**TASK STATEMENT**. Please print the listing that follows word for word, but skip any pictures it holds.
----------
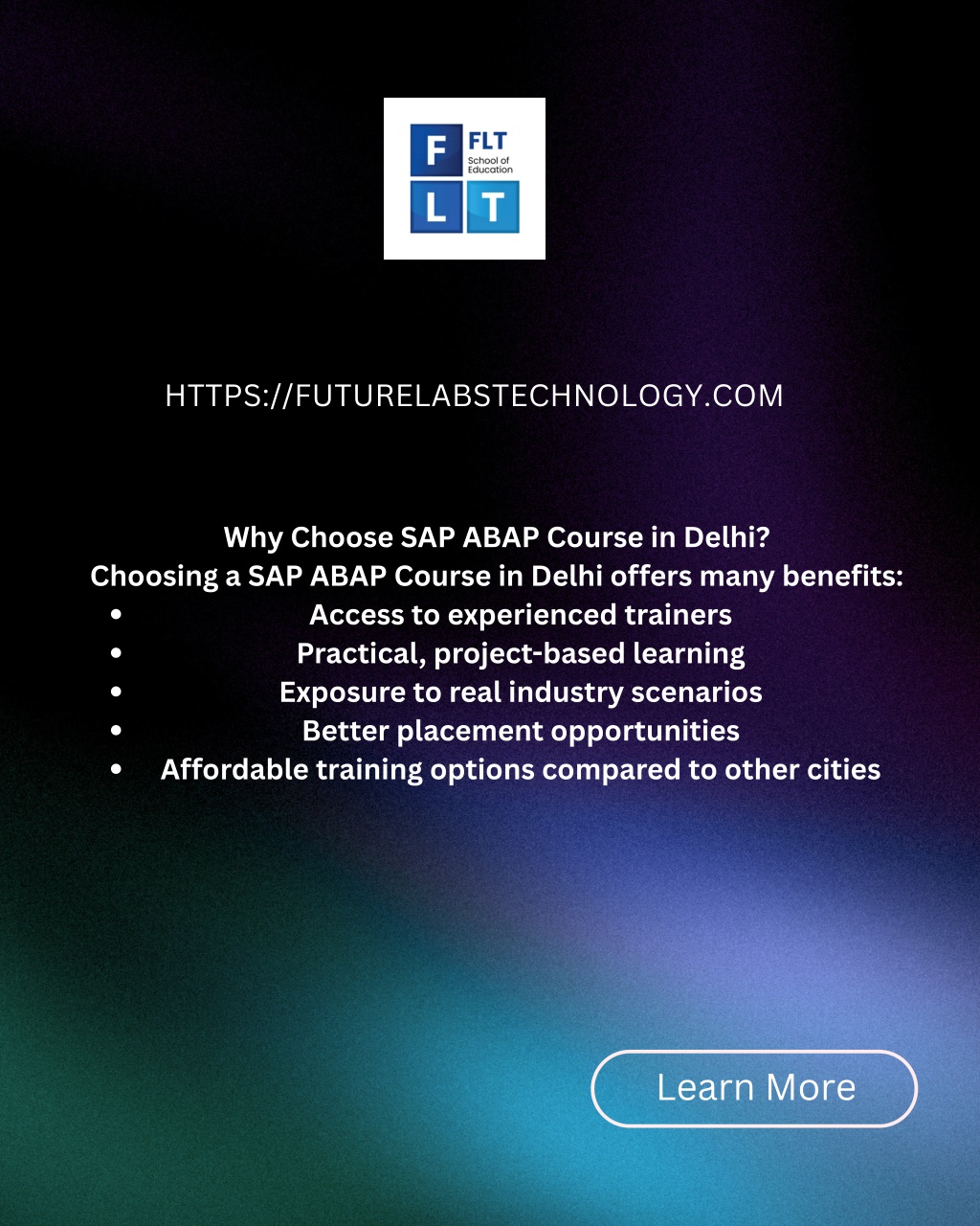 HTTPS://FUTURELABSTECHNOLOGY.COM Why Choose SAP ABAP Course in Delhi? Choosing a SAP ABAP Course in Delhi offers many benefits: Access to experienced trainers Practical, project-based learning Exposure to real industry scenarios Better placement opportunities Affordable training options compared to other cities Learn More
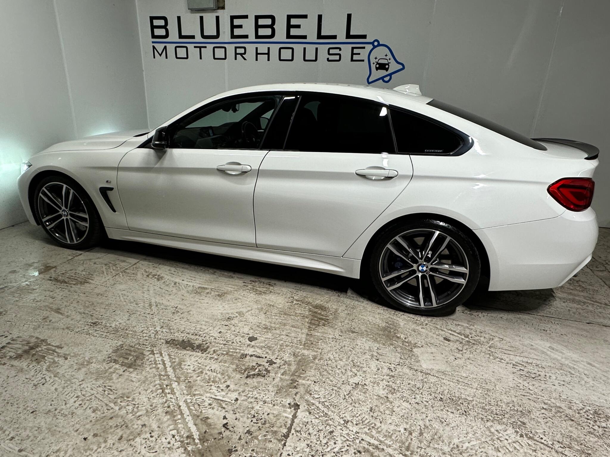 Bluebell Motorhouse is proud to present to you a fantastic example of this BMW 4 Series Gran Coupe 3.0 430d M Sport Auto xDrive. Whichever way you look at it, it is the Perfect all round family saloon or it can even be an evil torquey 3.0L grand tourer, but whatever the occasion, its the ideal car for anyone looking to buy one of BMW's Greatest Hits. The 3.0 Straight Six Turbocharged 250+ BHP Engine with upwards of 550 NM of Torque is handled efficiently by the 8 Speed Automatic ZF Gearbox. This BMW offers an incredible amount of options from factory, some of which include Foot operated and electrically controlled boot release, Wireless charging, BMW Adaptive LED Headlights with High Beam Assist, Front and Rear Parking Sensors, Heated Front Seats, Tri-Zone Climatized Air Control, Automatic Headlights and Rain Sensing Wipers, Professional BMW Media with Satellite Navigation, DAB with Radio CD Player, Bluetooth, Electric Front and Rear Windows, Electric Folding Mirrors, Keyless Entry, HK sound system, Electric Front seats with Driver memory, USB/AUX, Touch Screen 8.8 Inch Screen with Multiple features, Keyless entry, Push button start and much more! This vehicle also has FULL Service History! (10 Services in total). The current MOT expires on 29/06/2026 and it also has 2 keys. The car is finished in the Manufacturer colour of Alpine White Metallic with Dakota Leather seats and 19 inch alloy wheels. This car is in excellent condition throughout, some very light marks and chips around the car but as can be expected. It starts and drives very well. 3 Months In House Warranty included with basic AA 12 months Breakdown Cover which can be extended to the UK's only Trading Standards approved warranty, administered by The Motoring Organisation-subject to terms and conditions, with more info directly on our website under the warranty section. **MOT AND SERVICE WILL BE PROVIDED** Low interest finance available
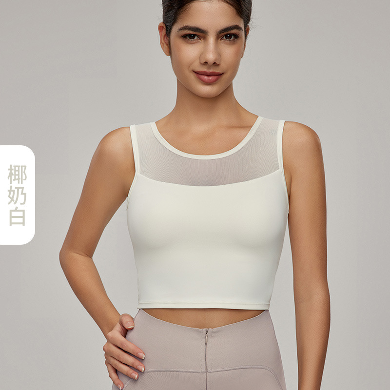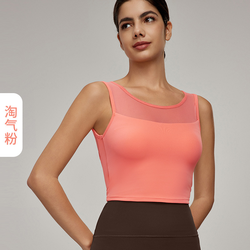 중간 강도 스포츠 속옷 여성의 섹시한 메쉬 아름다운 백 요가 조끼 원피스 노런 컵 아우터 피트니스 브라스토어 가기
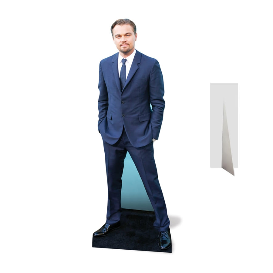 Cette superbe silhouette représente Léonardo Dicaprio vêtu d'un élégant ensemble bleu marine. C'est un très célèbre acteur américain qui a incarné le héros romantique Jack Dawson dans le film Titanic, sans parler de plusieurs autres films dans lesquels il a joué. Cette silhouette mesure 186 cm de haut et est faite en carton plat. Ce sera un article de décoration idéal pour une soirée Cinéma entre amis.
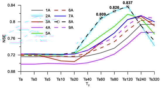 Nash–Sutcliffe efficiency (NSE) coefficient for nine models with modification A at various controlling temperatures, T2.
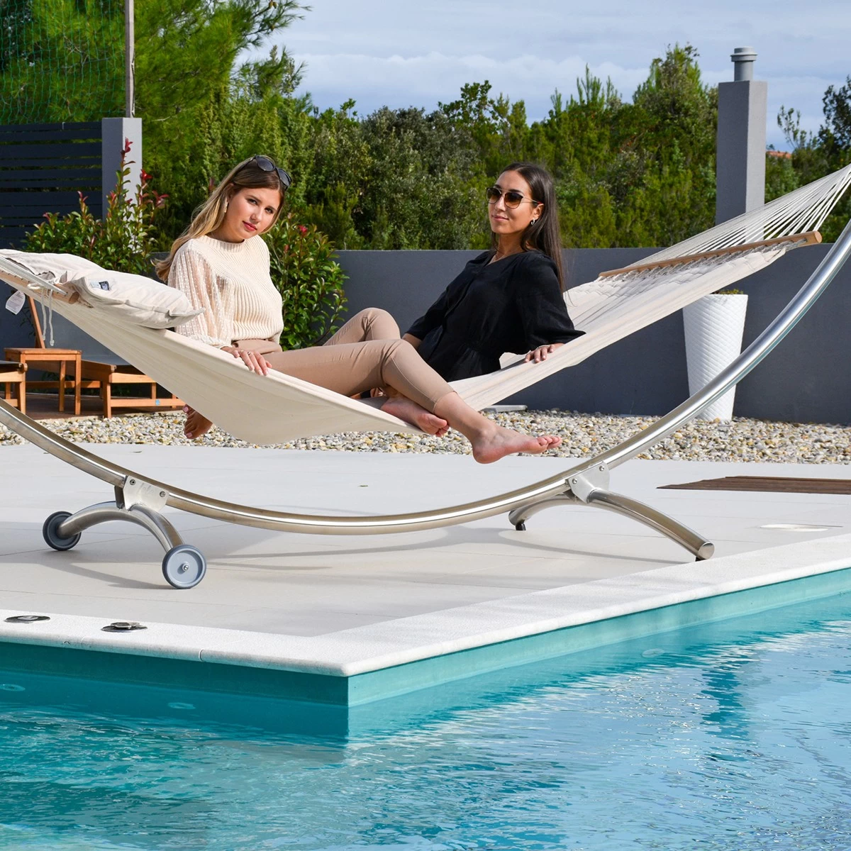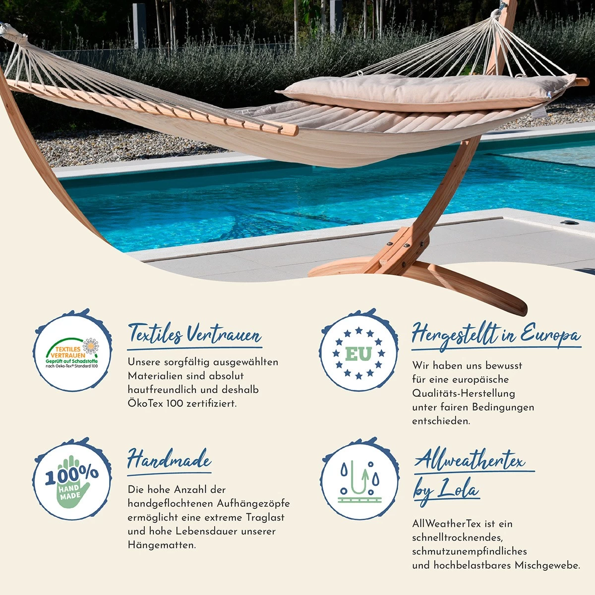 American Hammock Lifestyle von dem Hersteller Lola im sehr modernen Design und der Trendfarbe cofea crema, verleiht Ihrem Garten einen luxuriösen Touch. Die richtige Wahl für vollkommenen Komfort und eine absolute Erholung vom Alltag.
----------
**ANSWER TO THE EXERCISE**.
 HTTPS://FUTURELABSTECHNOLOGY.COM Why Choose SAP ABAP Course in Delhi? Choosing a SAP ABAP Course in Delhi offers many benefits: Access to experienced trainers Practical, project-based learning Exposure to real industry scenarios Better placement opportunities Affordable training options compared to other cities Learn More
 Bluebell Motorhouse is proud to present to you a fantastic example of this BMW 4 Series Gran Coupe 3.0 430d M Sport Auto xDrive. Whichever way you look at it, it is the Perfect all round family saloon or it can even be an evil torquey 3.0L grand tourer, but whatever the occasion, its the ideal car for anyone looking to buy one of BMW's Greatest Hits. The 3.0 Straight Six Turbocharged 250+ BHP Engine with upwards of 550 NM of Torque is handled efficiently by the 8 Speed Automatic ZF Gearbox. This BMW offers an incredible amount of options from factory, some of which include Foot operated and electrically controlled boot release, Wireless charging, BMW Adaptive LED Headlights with High Beam Assist, Front and Rear Parking Sensors, Heated Front Seats, Tri-Zone Climatized Air Control, Automatic Headlights and Rain Sensing Wipers, Professional BMW Media with Satellite Navigation, DAB with Radio CD Player, Bluetooth, Electric Front and Rear Windows, Electric Folding Mirrors, Keyless Entry, HK sound system, Electric Front seats with Driver memory, USB/AUX, Touch Screen 8.8 Inch Screen with Multiple features, Keyless entry, Push button start and much more! This vehicle also has FULL Service History! (10 Services in total). The current MOT expires on 29/06/2026 and it also has 2 keys. The car is finished in the Manufacturer colour of Alpine White Metallic with Dakota Leather seats and 19 inch alloy wheels. This car is in excellent condition throughout, some very light marks and chips around the car but as can be expected. It starts and drives very well. 3 Months In House Warranty included with basic AA 12 months Breakdown Cover which can be extended to the UK's only Trading Standards approved warranty, administered by The Motoring Organisation-subject to terms and conditions, with more info directly on our website under the warranty section. **MOT AND SERVICE WILL BE PROVIDED** Low interest finance available
 중간 강도 스포츠 속옷 여성의 섹시한 메쉬 아름다운 백 요가 조끼 원피스 노런 컵 아우터 피트니스 브라스토어 가기
 Cette superbe silhouette représente Léonardo Dicaprio vêtu d'un élégant ensemble bleu marine. C'est un très célèbre acteur américain qui a incarné le héros romantique Jack Dawson dans le film Titanic, sans parler de plusieurs autres films dans lesquels il a joué. Cette silhouette mesure 186 cm de haut et est faite en carton plat. Ce sera un article de décoration idéal pour une soirée Cinéma entre amis.
 Nash–Sutcliffe efficiency (NSE) coefficient for nine models with modification A at various controlling temperatures, T2.
 American Hammock Lifestyle von dem Hersteller Lola im sehr modernen Design und der Trendfarbe cofea crema, verleiht Ihrem Garten einen luxuriösen Touch. Die richtige Wahl für vollkommenen Komfort und eine absolute Erholung vom Alltag.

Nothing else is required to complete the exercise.